Second solution: using lambda for shorter syntax. While working and short, it does not quite look right (see edit1 below.)
def json(name): return property(lambda self: self.get(name))
class Group(JsonDataWrapper):
def __init__(self, data):
super().__init__(data)
self.group_members = [] # elements are of type(User). edit1, was self.members = []
id = json('id')
description = json('description')
name = json('name')
description_format = json('description_format')
(Naming this function 'json' is not a problem, since I don't import json there.)
I have a possible third solution in mind, that I cant quite wrap my head around: overriding the property builtin, so I can define a decorator that wraps the returned field name for lookup:
#json # just like a property fget
def short_name(self): return 'short_name'
That could be a little shorter, dunno if that makes code better.
Disqualified solutions (IMHO):
JSON{De,En}coder: kills all flexibility, provide no means of read-only attributes
__{get,set}attr__: makes it impossible to determine attributes before runtime. While it whould shorten self.get('id') to self['id'] it whould also further complicate matters where an attribute was not in the underlying json data.
Thank you for reading!
Edit 1: 2016-07-20T08:26Z
To further clarify (#SuperSaiyan) why I don't quite like the second solution:
I feel the lambda function is completely disconnected from the rest of classes semantics (which is also the reason why it is shorter :D). I think I can help myself liking it more by properly documenting the decision in the code. The first solution is easy to understand for everybody who understands the meaning of #property without any additional explaination.
On the second comment of #SuperSaiyan: Your question is, why I put Group.members as attribute in there? The list stores type(User) entities, might not be what you think it is, I changed the example.
#jwodder: I will use Code Review next time, did not know that was a thing.
(Also: I really think the Group.members threw some of you off, I edited the code to make it a little more obvious: Group members are Users that will be added to the list.
The complete code is on github, while undocumented it may be interesting for somebody. Keep in mind: this is all WIP :D)
(note: this got an update, I'm now using dataclasses with run-time type enforcment. see bottom :3)
So, it's been a year and I'm going to answer my own question. I don't quite like answering it myself, but: this will mark the thread as resolved which in itself might help others.
On the other hand, I want to document and give reason to why I chose my solution over proposed answers. Not, to prove me right, but to highlight the different tradeoffs.
I just realized, that this got quite long, so:
tl;dr
collections.abc contains powerful abstractions and you should use them if you have access to it (cpython >= 3.3).
#property is nice to use, enables to add documentation easily and provides read only access.
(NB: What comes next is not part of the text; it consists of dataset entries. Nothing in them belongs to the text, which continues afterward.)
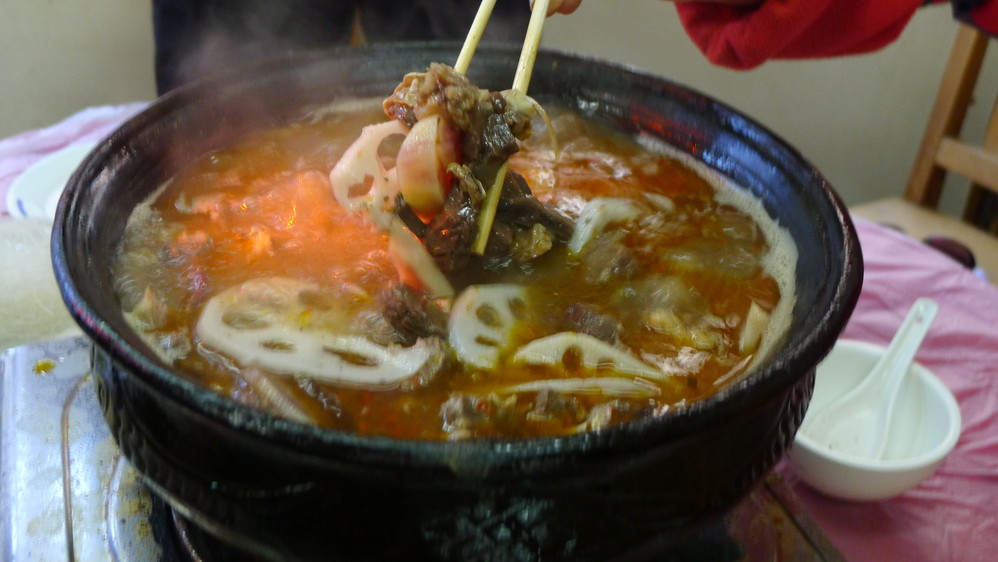 香格里拉本地的特色菜主要是牦牛火锅了,刚进城身上冷飕飕的,这里比丽江那边还要冷一些,吃上热乎乎的牦牛火锅也不错。两位大姐很快就在客栈旁边找了一家火锅店,排骨中午还吃了点东西,其他人都是饿了一整天了,马上开动起来。
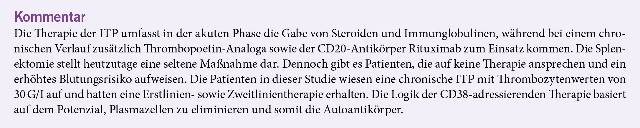 Die Immunthrombozytopenie zählt zu den häufigeren Autoimmunerkrankungen, welche Blutzellen betreffen. Die Therapie der chronischen Verlaufsformen erweist sich als wenig zufriedenstellend. Im Folgenden wird der CD38-Antikörper CM313 vorgestellt. Im Rahmen einer Phase-1- bis -2-Studie wurde der CD38-Antikörper CM313 wöchentlich i. v. in einer Dosis von 16 mg/kg über einen Zeitraum von acht Wochen an erwachsene Patienten verabreicht. Insgesamt wurden 22 Patienten in die Studie eingeschlossen, wobei bei 21 Patienten (95 %) ein Thrombozytenwert von > 50 × 10⁹/L erreicht wurde. Die Ansprechdauer betrug 23 Wochen (17–24 Wochen). Das Ansprechen wurde median innerhalb einer Woche beobachtet. Zu den Nebenwirkungen gehörten Infusionsreaktionen sowie Infektionen der oberen Luftwege.
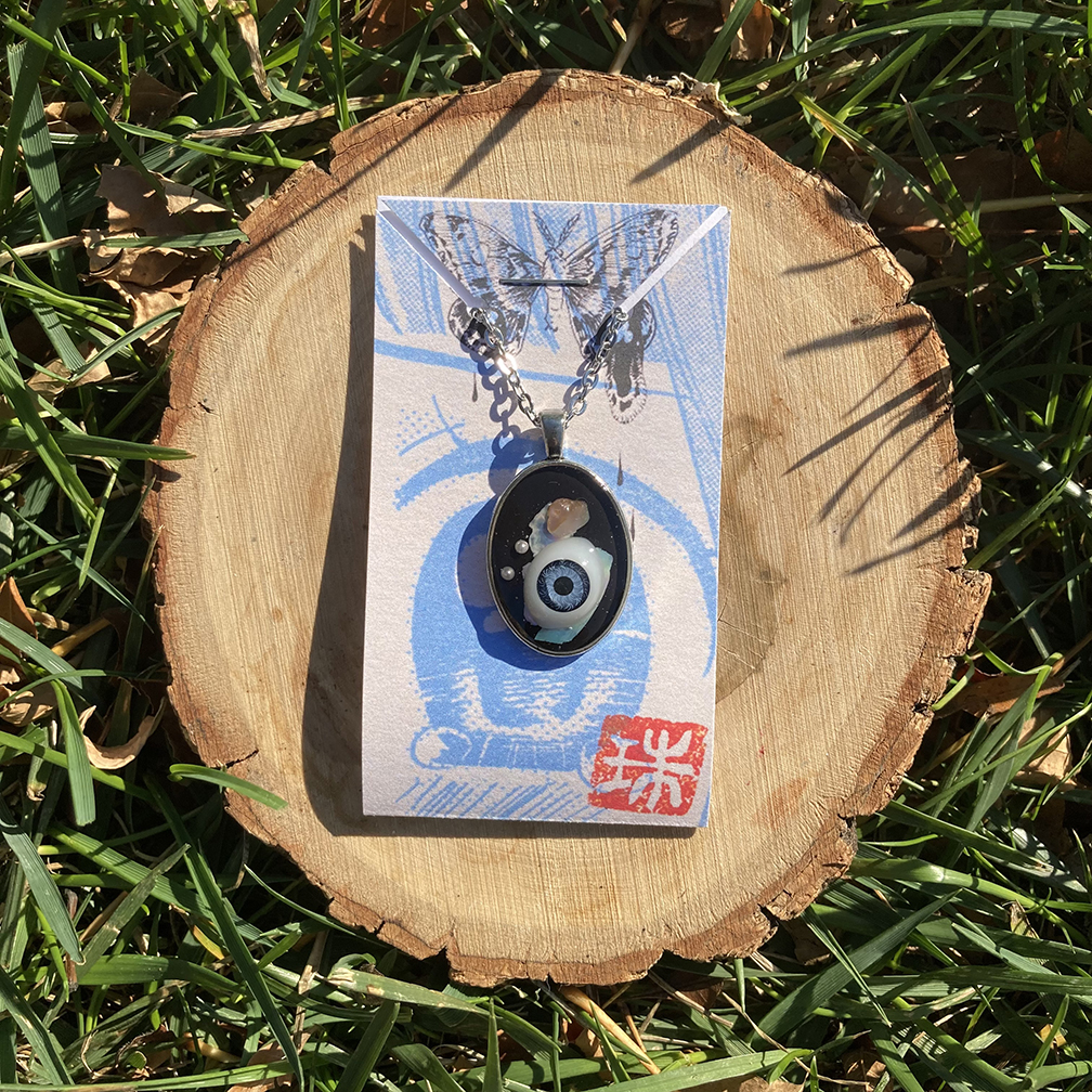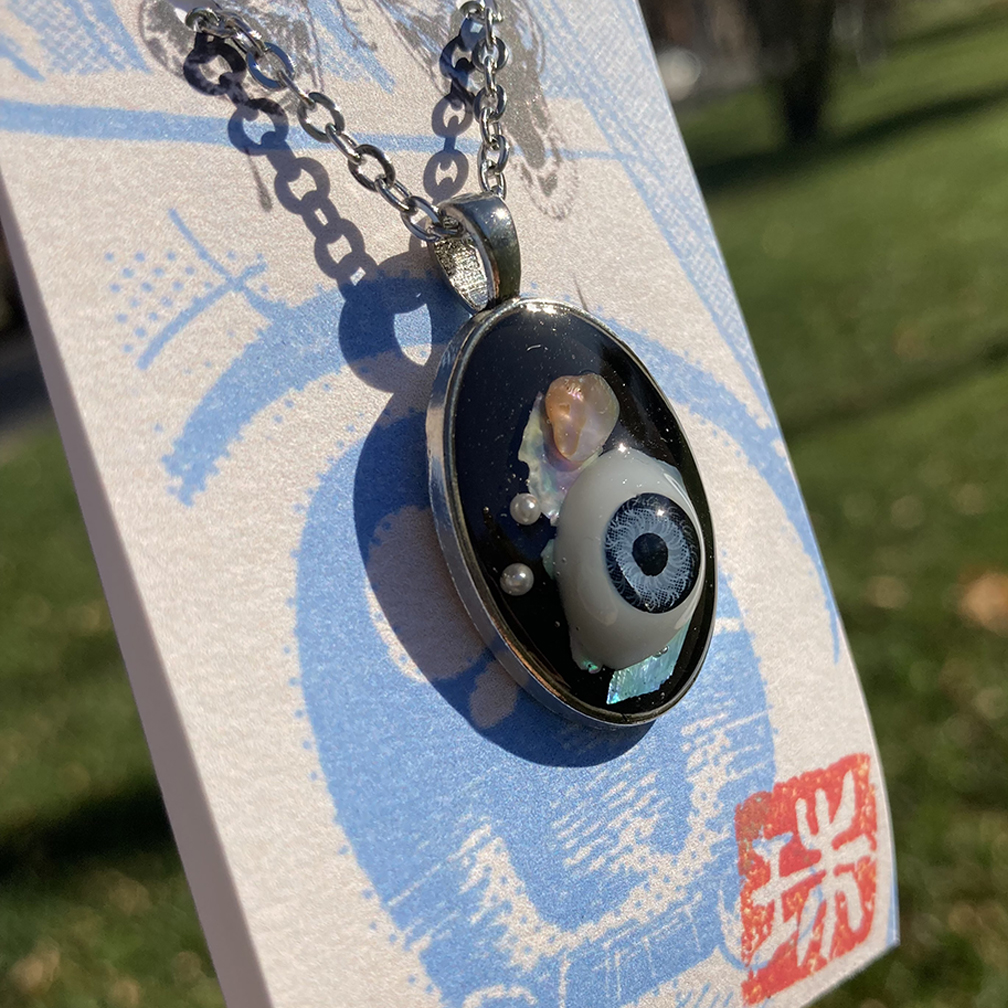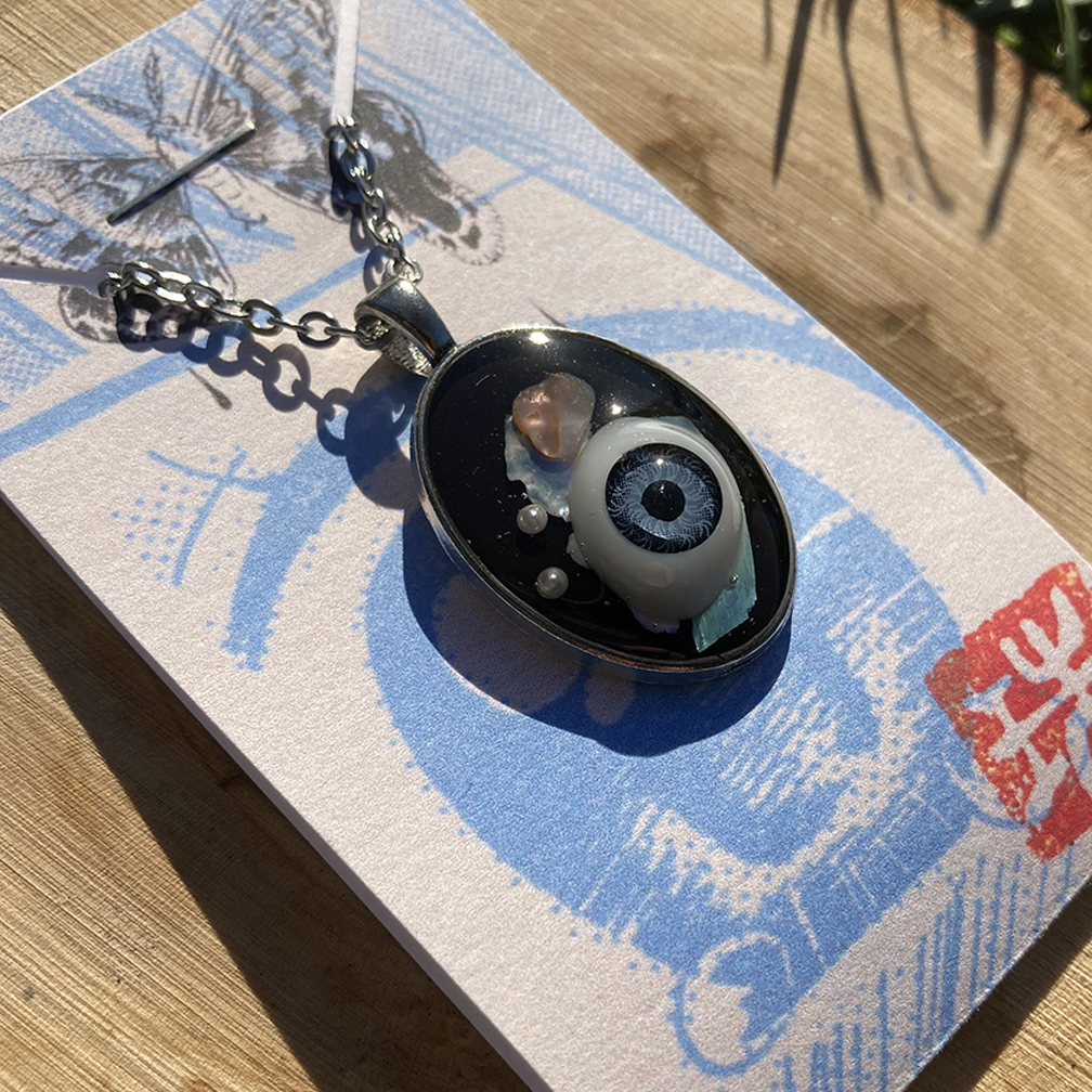 Blue eye, faux pearls, and abalone floating in resin. On an 18" stainless steel necklace.
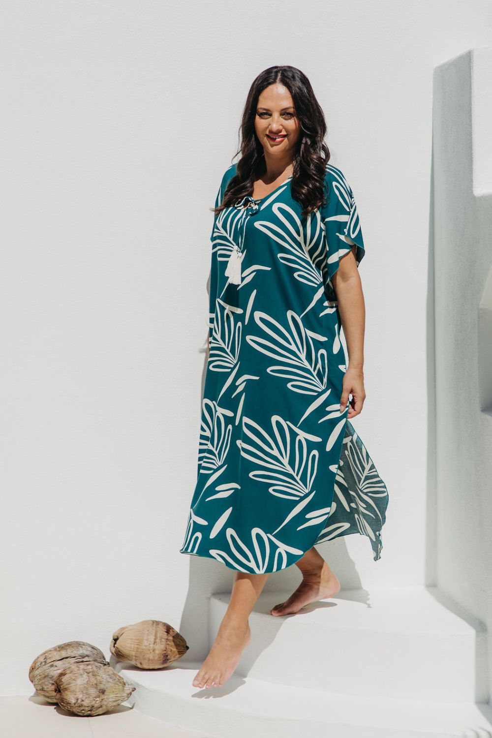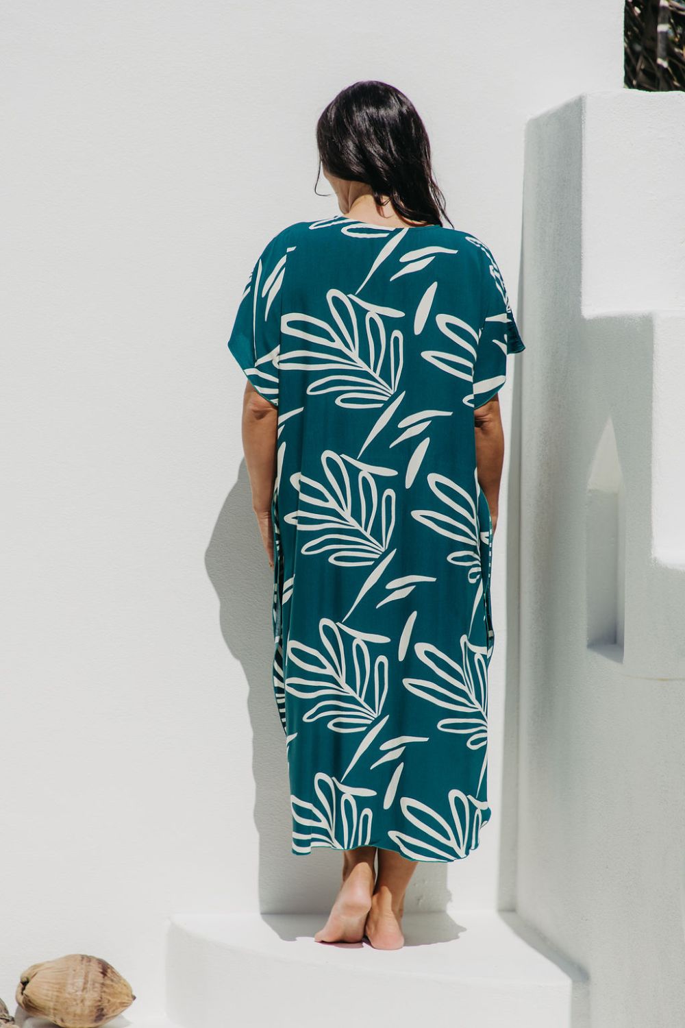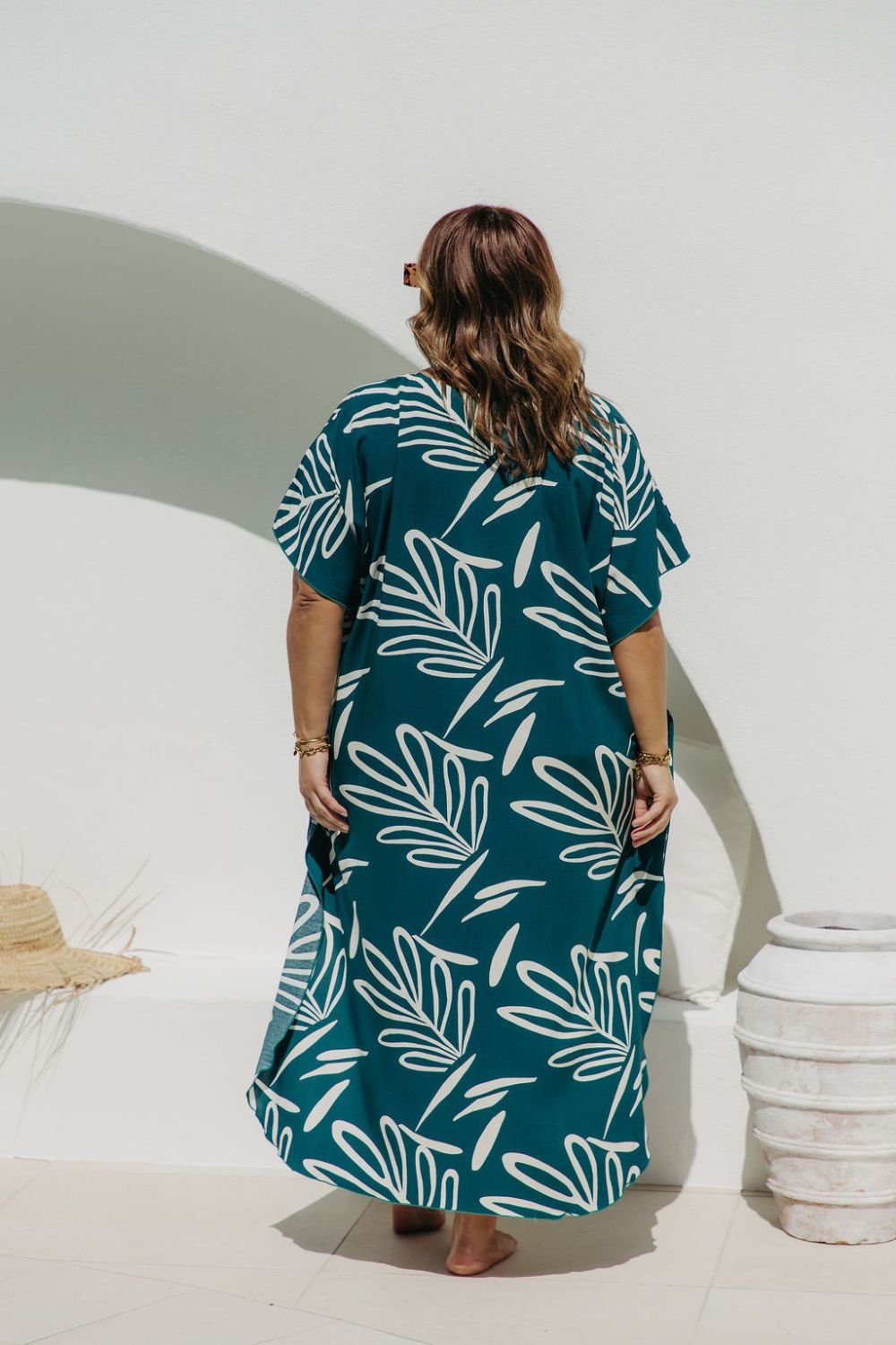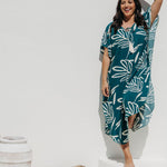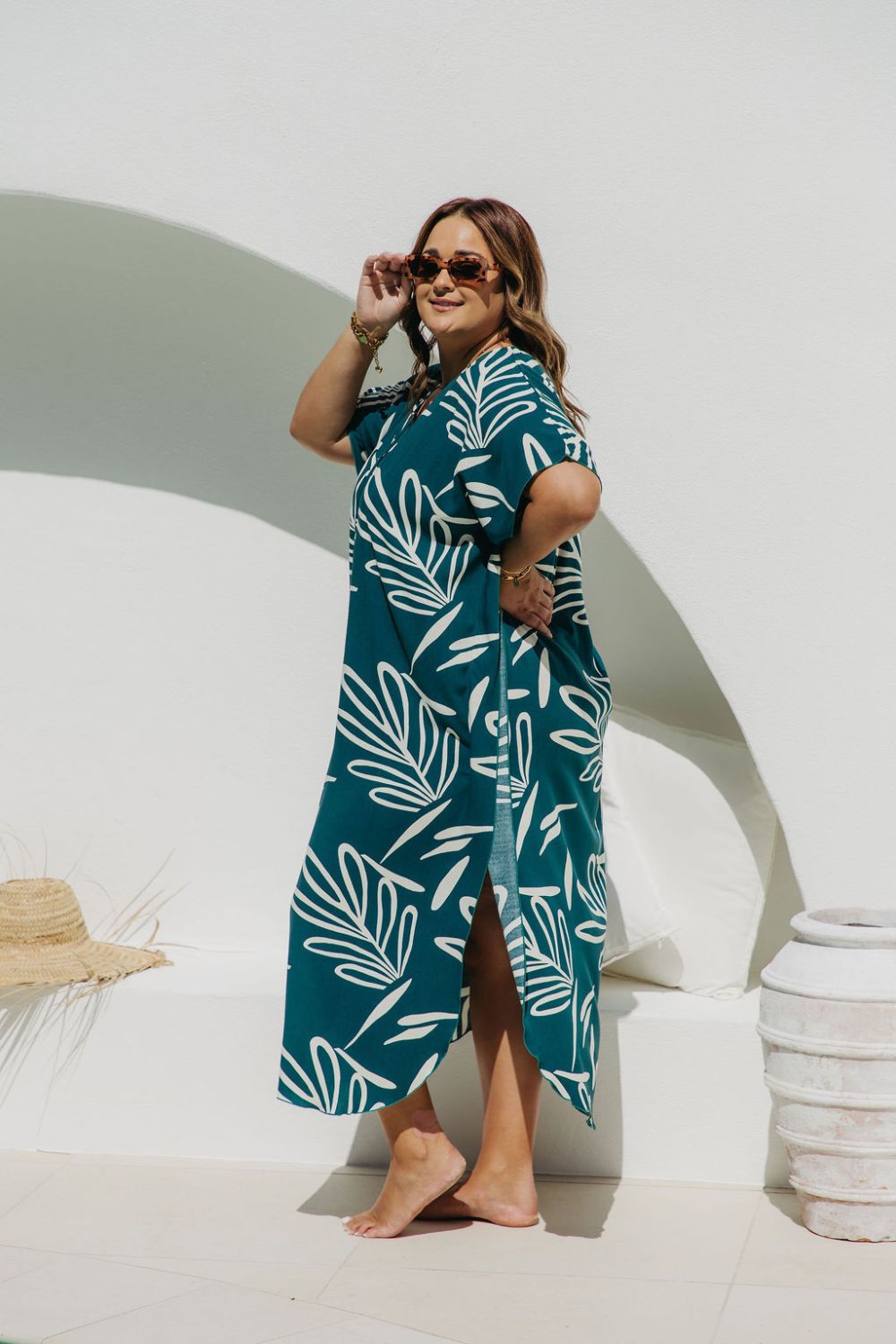 Bring effortless elegance to your summer wardrobe with our Long Kaftan in deep mineral green, featuring a bold natural white leaf design. The rich green backdrop highlights the striking leaf motif, creating a modern, graphic look that’s still relaxed and easy to wear.

Nested classes look weird but replicate the structure of deeply nested JSON just fine.
Proposed solutions
python meta-classes
So first off: I love the concept.
I've considered many applications for where they prove useful, especially when:
writing a pluggable API where meta-classes enforce correct usage of derived classes and their implementation specifics
having a fully automated registry of classes that derive a from a meta-class.
On the other hand, python's meta-class logic felt obscure to wrap my head around (took me at least three days to figure it out). While simple in principle, the devil is in the details.
So, I decided against it, simply because I might abandon the project in the not so far future and others should be able to pick up where I left off easily.
namedtuple
collections.namedtuple is very efficient and concise enough to boil my solution down to several lines instead of the current 800+ lines. My IDE will also be able to introspect possible members of the generated class.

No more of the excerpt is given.